Limitations & Future Work

  • Verification Limited to Python Code Generation: The setting where raw actions equal line-by-line code makes the syntactic alignment of <act>/<think> natural. How to define "line-level actions" and abstraction granularity in domains like mathematics (single-step answers), agentic tasks, or natural language remains to be verified; the authors themselves excluded math.
  • Model Scale Capped at 8B: While results hold for 1B–8B, it is unknown if the advantage of "self-learned reasoning vs. direct distillation from stronger models" reverses at larger scales.
  • Strong Theoretical Assumptions: Theorems for pruning and convergence rely on idealized settings like approximately optimal action subsets, leaving a gap between theory and real LLM training dynamics.
  • Engineering Complexity of EM + Asynchronous Rollout: Compared to simple NTP, RA3 requires multiple rounds of EM, self-supervised RL, and asynchronous sampling (e.g., SGLang), raising the barrier to implementation.
  • LLM Mid-Training: Unlike augmenting data by distilling reasoning from frontier models (which suffers from distribution shift and expensive large-scale re-annotation), RA3 allows the model to self-learn reasoning.
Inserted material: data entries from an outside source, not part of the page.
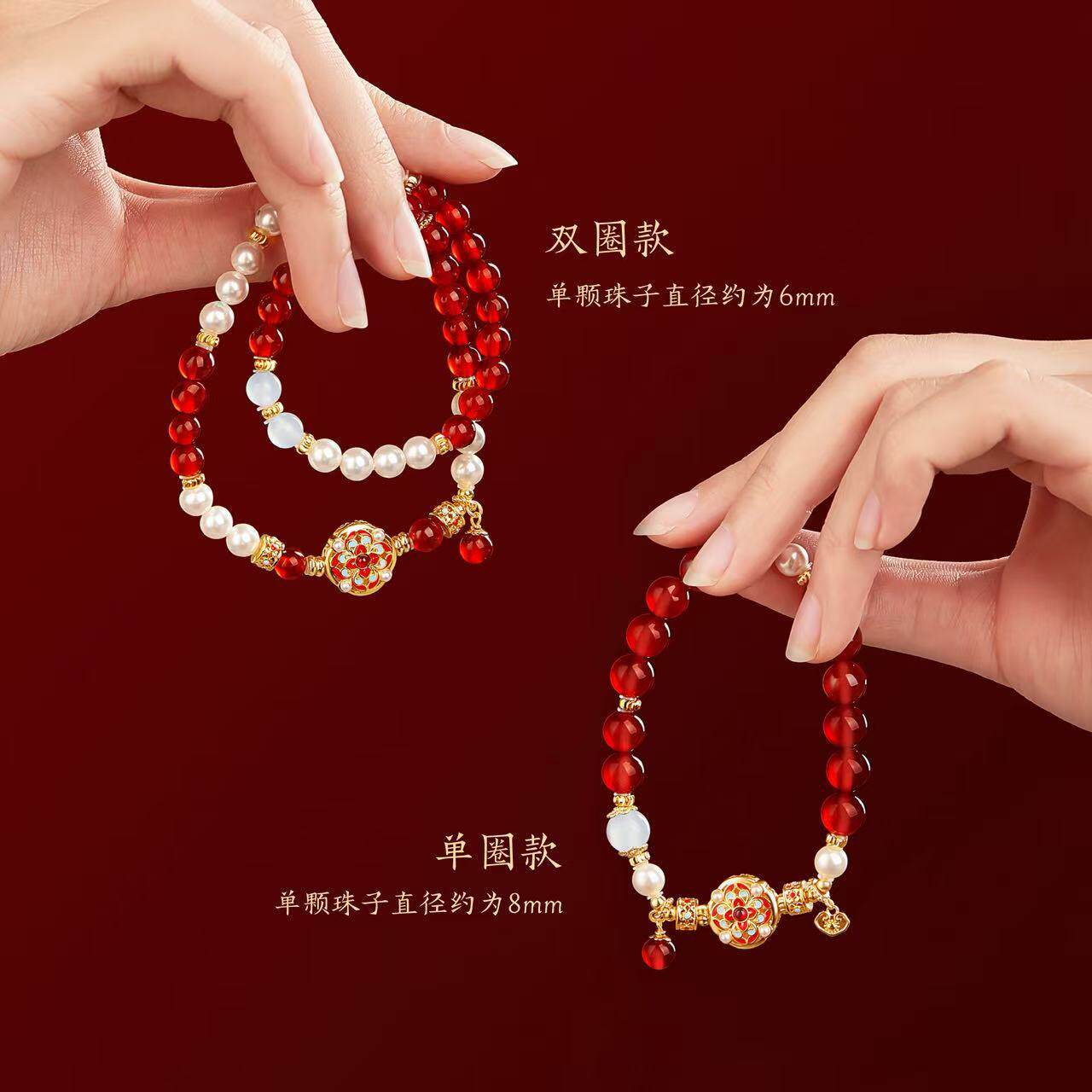 故宫宝相花红玛瑙手链红色手串文创新年本命年生日礼物女生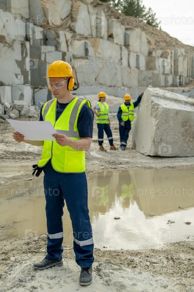 Молодой строитель с эскизом стоит против двух коллег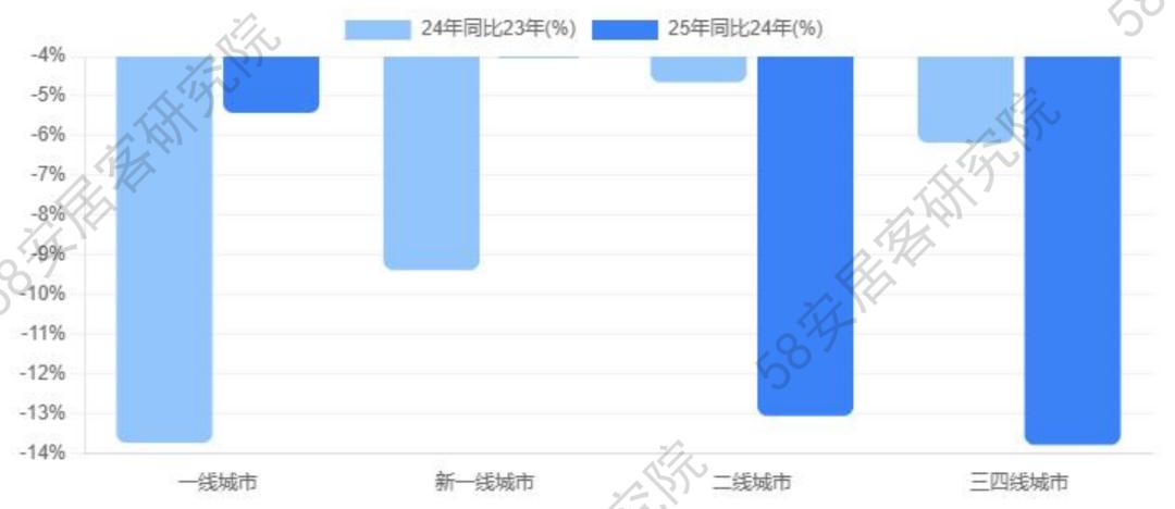 三四线城市:24年同比23年下降6.17%,25年同比24年下降13.78%,降幅扩大7.61个百分点,市场调整持续深化。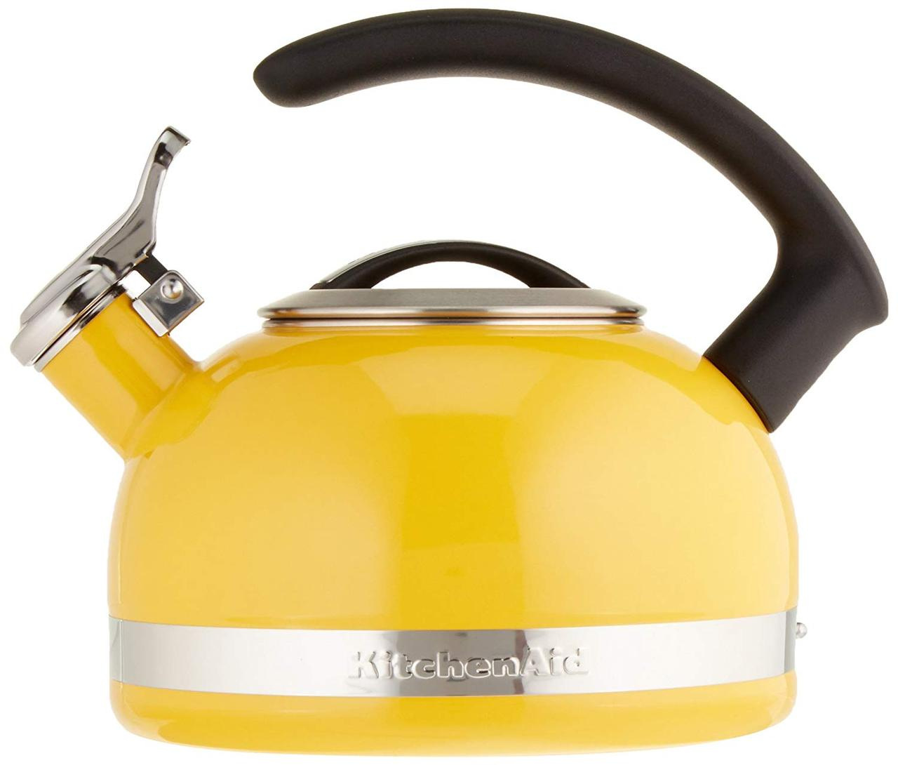 KitchenAid KTEN20CBIS 2.0-Quart Kettle with C Handle and Trim Band - Citrus Sunrise Компанія KitchenAid із задоволенням нагадати покупцям про чудову й улюблену багатьма традиції готувати чай за допомогою наплитного чайника. Стильний чайник kitchenaid — новинка на вашій кухні. Особливості моделі Чайник наплітний об'ємом 1,9 літра зі свистком виконаний у фірмовій гамі кольорів компанії KitchenAid. Його корпус — це комбінація неіржавкої сталі, прикрашеної пластинами благородного кольору. Чайник зі свистком підійде для кип'ятіння води на будь-яких варильних поверхнях, зокрема на конфорках індукційних плит. Переваги моделі Чайник має незаперечні переваги: • Покритий блискучою емаллю, яка стійка до подряпин і відколів. • Кришка чайника знімається — його зручно мити всередині та просто наповнювати. • Яскравий дизайн чайника прикрасить будь-яку кухню. • Смуга з логотипом компанії KitchenAid по колу чайника підкреслює статус власника. • Свисток чудово чути й не дасть забути про чайник на плиті. • Зручна ручка приладу виготовлена з неіржавкої сталі та покрита нековзними накладками, які до того ж не нагріваються. • Спеціальний важіль відкриває кришку носика — так воду наливати зручніше. Чайник KitchenAid 1,9 л підходить для всіх варильних поверхонь. Зроблений із неіржавкої сталі, з глянсовою емальованою зовнішньою поверхнею і зручною литою прогумованою ручкою, яка не нагрівається. Носик чайника легко відкривається одним натисканням. Чайник покритий блискучою кольоровою емаллю, стійкою до відколів і подряпин, і матиме чудовий вигляд на будь-якій кухні. З його допомогою ви зможете закип'ятити воду для звичайного або трав'яного чаю, каво-пуровіра, каш, які не потребують варіння тощо. Завдяки знімній кришці чайник легко наповнювати та зручно мити. Чайник яскравого забарвлення стане справжньою окрасою будь-якої кухні. Блискуча смуга по колу з логотипом KitchenAid оживляє дизайн чайника. Гучний свисток добре чути та завжди попередить вас про те, що чайник закипає. Ручка з полірованої неіржавкої сталі має зручну форму та покрита нековзними, ненагрівними накладками. Кришка носика зі свистком легко підіймається за допомогою невеликого важеля, щоб було зручніше наливати воду. Підходить для індукційних плит. Матеріал: нержавіюча сталь Матеріал ручки: нержавіюча сталь Об'єм: 1,9 л Внутрішнє покриття: емаль Підходить для індукційних плит Виробник: KitchenAid, США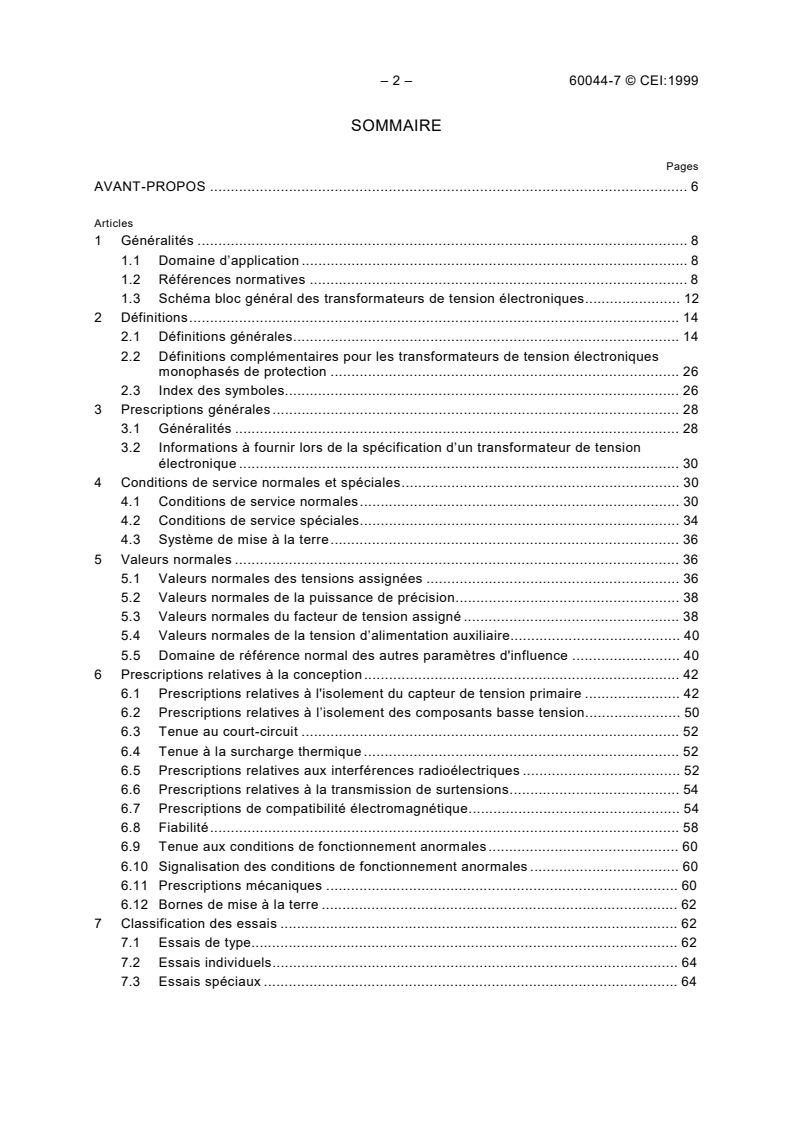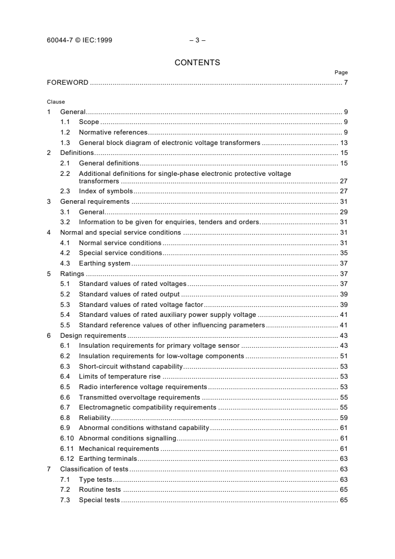 제목: IEC 60044-7:1999 - 계기 변압기 - 제7부: 전자 전압 변압기 내용: 이 기사는 주파수 범위가 15 Hz에서 100 Hz인 전기 측정기 및 전기 보호 장치와 함께 사용되는 아날로그 출력을 갖춘 새로 제작된 전자 전압 변압기에 적용된다. 이 표준은 전자 구성 요소를 갖춘 광학 배열을 다룬다. 3상 전압 변압기는 포함되지 않지만 일부 요구 사항이 적용된다.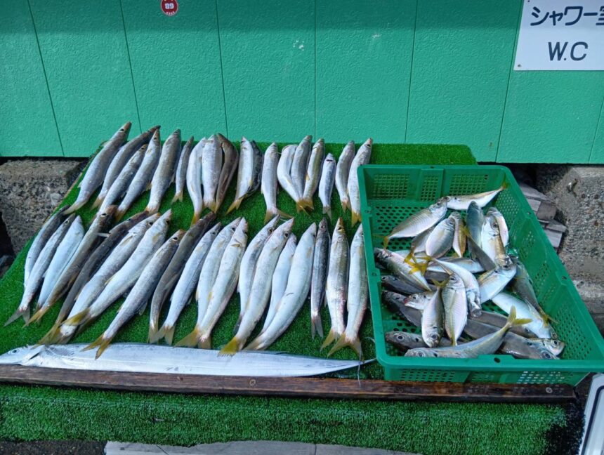 カセ釣りで匹田さんがカマス、アジ、タチウオをゲット。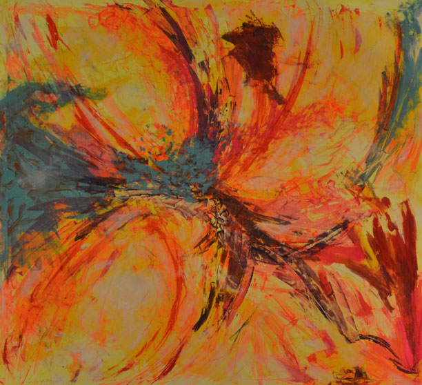 Coni Rodriguez (26), nuestra artista de la semana, desafía siempre al blanco del lienzo sin miedo y haciendo un (implícito) pacto artístico. Como fondo tenemos un acrílico del 2012 llamado Inspiración. Sus últimos trabajos reflejan un estallido de colores flúor que afectan los sentidos y sugieren sensaciones aromáticas. Antes mantuvo una paleta en la que se destacaban el negro, el blanco y el rojo. Su orientación plástica y profesional se inició en el taller de Marcela Davidson, en los que exploró distintas técnicas y fijó su estilo en una plena libertad expresionista abstracta. Se expandió en esa etapa su deseo de pintar en enormes lienzos sobre los que trabaja con las dos manos, con los dedos, con espátulas y con pinceles. Todos los instrumentos participan de su obra. Todos hacen a su sinfonía expresionista. Durante la adolescencia fue autodidacta aunque su dedicación definitiva como artista plástica empieza a darse en 2008. Su obra participó en distintas exposiciones grupales (en la Recova, Naranja Verde, entre otros lugares) y en breve – está dedicada a su programación y realización – presentará su primera muestra individual.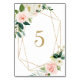 Geometrisk akvarell vårblommor bordnummer | Elegant och feminin bordnummer med akvarellillustrationer av vita, persika och rosa rosor och pioner, bladaccent och falsk folie geometrisk ram. Detta blomsterbordnummer är perfekt för vår- och trädgårdsevenemang.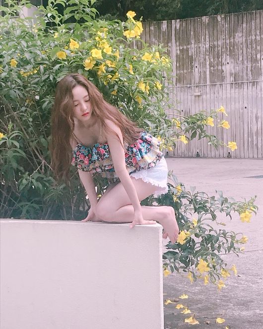 공개된 사진 속에는 어딘가에 올라 앉아 포즈를 취하려고 하는 구하라의 모습이 담겨 있다. 웨이브가 들어간 긴 헤어스타일에 새하얀 피부까지, 마치 요정과 같은 그의 미모가 보는 이들의 시선을 사로잡는다.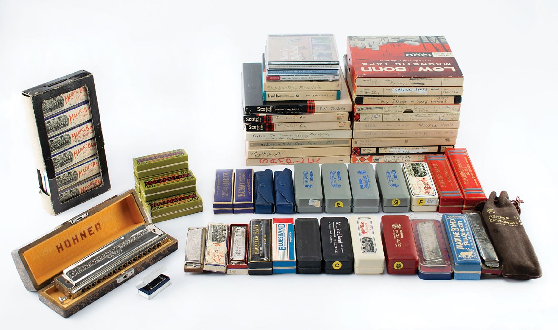 Tony Glover’s collection of harmonicas, musical recordings, and ephemera from his years as a blues and folk musician, which includes an impressive total of 53 M. Hohner harmonicas. The archive is as follows: an attractive 64 Chromonica professional model harmonica by M. Hohner, housed in its original case, which is marked on the bottom, “Nr. 280”; a wooden box with lid marked “Caution Radioactive Material,” which contains a set of 11 vintage Special 20 and Marine Band harmonicas by Hohner; a box of six Marine Band harmonicas by Hohner, each marked on the box top by Glover with the corresponding key; an assortment of 27 harmonicas, all of which are made by Hohner, which includes variations of Golden Melody, Marine Band, Blues Band, Special 20, Gold Frontier, Chordomonica, and Echo Super Vamper harps, the majority in their original box; a case containing eight M. Hohner’s Vest Pocket Harps, each with their original box marked with key: A, B, Bb, C, D, E, F, G; a Kent WC-17 harmonica pick-up with original box; a promotional poster for Koerner, Ray & Glover’s debut 1963 album Blues, Rags and Hollers, which mentions a meet-and-greet at “The Coffee Break, Oak & Washington Ave., (Next t Campus Theater)”; a poster for a “Thanksgiving Feast” featuring Koerner, Ray & Glover at the World Theater on November 27th; a “Woody Reflected” CD signed by Glover, Pop Wagner, and Charlie Maguire; a Red House Records CD reissue of Blues, Rags and Hollers by Koerner, Ray & Glover, with all three signing in black ink; a still-sealed CD entitled Music from the North Country—The Jayhawks Anthology; a master record for Ashes in My Whiskey by David Ray and Glover; a Nick Manoloff Modern Accompaniment Guide for Spanish guitar; and 11 pages of Glover’s handwritten recording notes.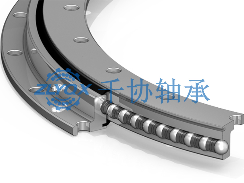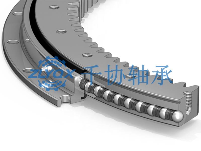 单排四点接触球式回转支承(轻型L系列),由两个座圈组成,结构紧凑,重量轻,钢球与圆弧滚道四点接触,能同时承受轴向力、径向力和倾翻力矩。回转式输送机、焊接操作机、自动清洗机等中小型和轻型机械均可选用。...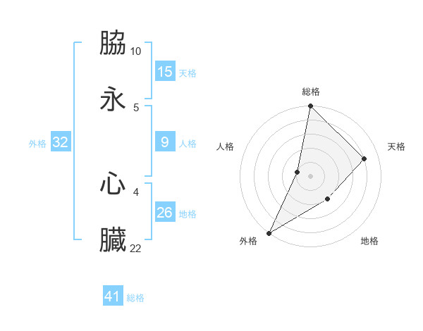 脇永 心臓さんの外格は32画の5点!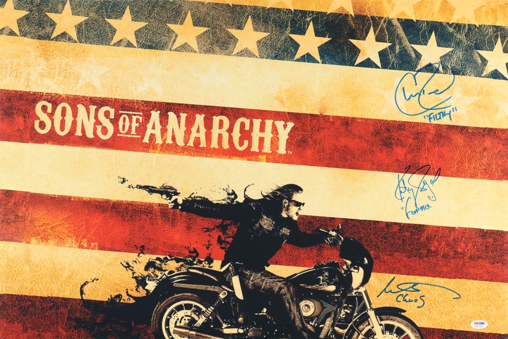 Photo measures 20" x 30" in size and has been hand-signed and inscribed by Katey Sagal (Gemma Teller Morrow), Michael Ornstein (Chucky Marstein) and Chris Reed (Philip 'Filthy Phil' Russell).
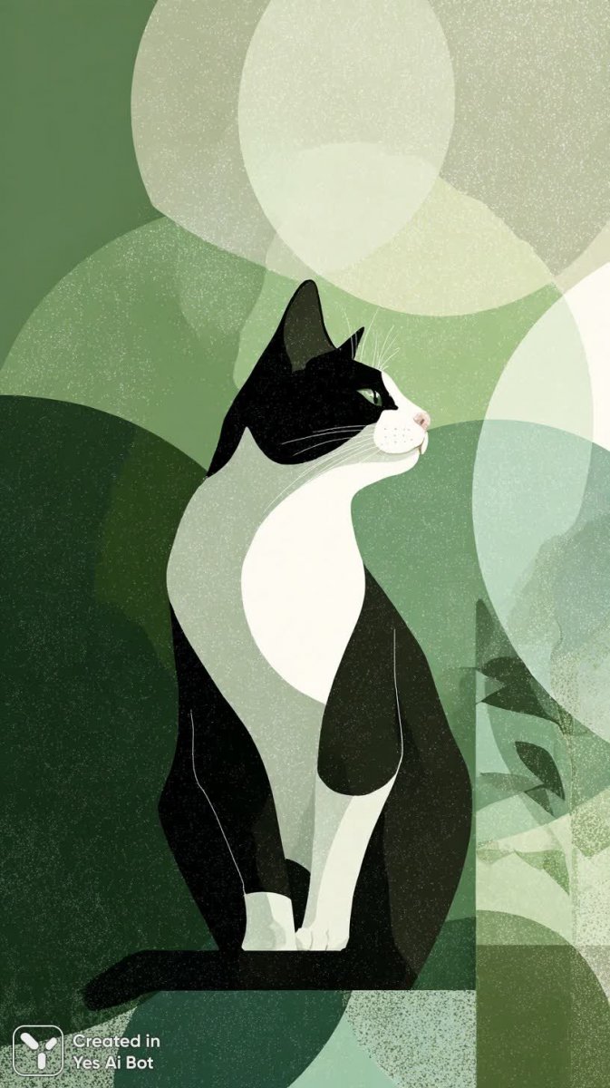 Изящное минималистичное произведение искусства представляет собой черно-белого кота на нежном пастельно-зеленом фоне, создавая ощущение спокойствия и умиротворения. Вокруг животного аккуратно расположены геометрические фигуры, добавляющие композиции структурированности и современного шарма. Уши кота настороженно подняты, что придает ему выражение бдительности и любопытства, словно он внимательно наблюдает за окружающим миром. Мягкие изгибы линий вносят нотку игривости и легкости, делая изображение более привлекательным и запоминающимся. Вся композиция выполнена в стиле векторной графики, что обеспечивает четкость линий и лаконичность форм, подчеркивая минималистичную эстетику произведения. Это работа идеально подойдет для любителей современных тенденций в искусстве и дизайна, а также для тех, кто ценит простоту и элегантность в сочетании с очарованием кошачьего образа. Картина излучает атмосферу уюта и спокойствия, станет прекрасным украшением интерьера и подарит позитивные эмоции каждому зрителю. Сочетание черно-белых тонов с мягким пастельным фоном создает визуальную гармонию и притягивает взгляд, оставляя ощущение чистоты и свежести. Это больше чем просто изображение кота это воплощение минимализма в искусстве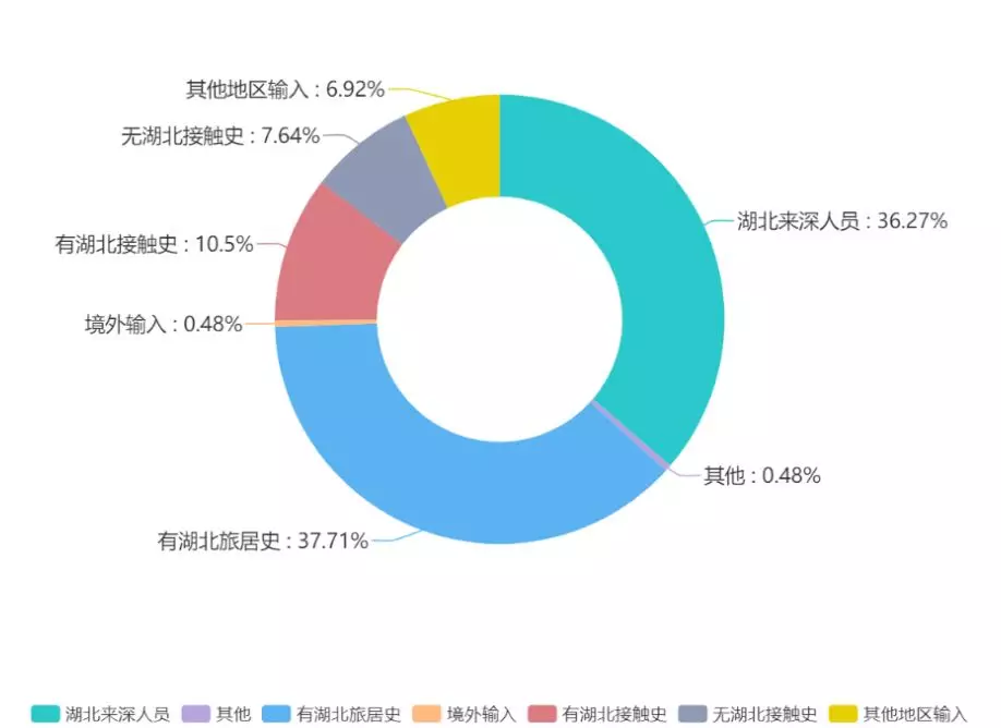 ▲所有輸入型病例中,近六成與湖北武漢有關(guān)聯(lián),湖北省其他城市也為重點(diǎn)來(lái)源地區(qū)??梢姡瑢?duì)湖北來(lái)深人員、有湖北旅居史人員的管控工作是防疫工作的重要一環(huán)。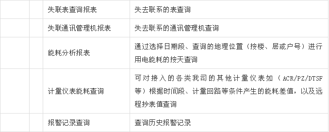 系統還提供了多個報表以供查詢,分別是日/月/年財務銷售統計報表、失聯表/通訊管理機查詢報表、能耗查詢報表、實時報警/歷史報警查詢報表。

This is better suited for corpora like code, where data is primarily human-written without existing reasoning annotations.
  • Self-supervised RL: Following the line of work using expert action log-probs as rewards (e.g., BRiTE), RA3 generalizes the single-step ELBO to temporal sequences.
  • Markov Options / Hierarchical RL: The definition of action abstraction and decision space analysis draws from Sutton’s Options and the transfer analysis of Brunskill & Li, but applies it to the design of mid-training algorithms and their impact on post-training RL.
  • Insight: Treating "at what action granularity one should learn" as a provable design variable rather than a default token-level choice offers a valuable perspective for pre-training/mid-training in long-horizon tasks like agentic workflows and multi-step tool use.

Rating

  • Novelty: ⭐⭐⭐⭐⭐ The first theoretical framework to characterize the mid-training → post-training RL transition, directly deriving an algorithm from theory. Highly self-consistent.
  • Experimental Thoroughness: ⭐⭐⭐⭐ Solid across three models, four benchmarks, RLVR, ablations, and synthetic comparisons, though limited to code generation up to 8B.
  • Writing Quality: ⭐⭐⭐⭐ Clear connection between theory and algorithm; the motivation for theorems is well-explained. High formula density may be challenging for readers without an RL background.
  • Value: ⭐⭐⭐⭐⭐ Provides principled guidance and a scalable implementation for "how to conduct mid-training," offering methodological value for LLM reasoning training paradigms.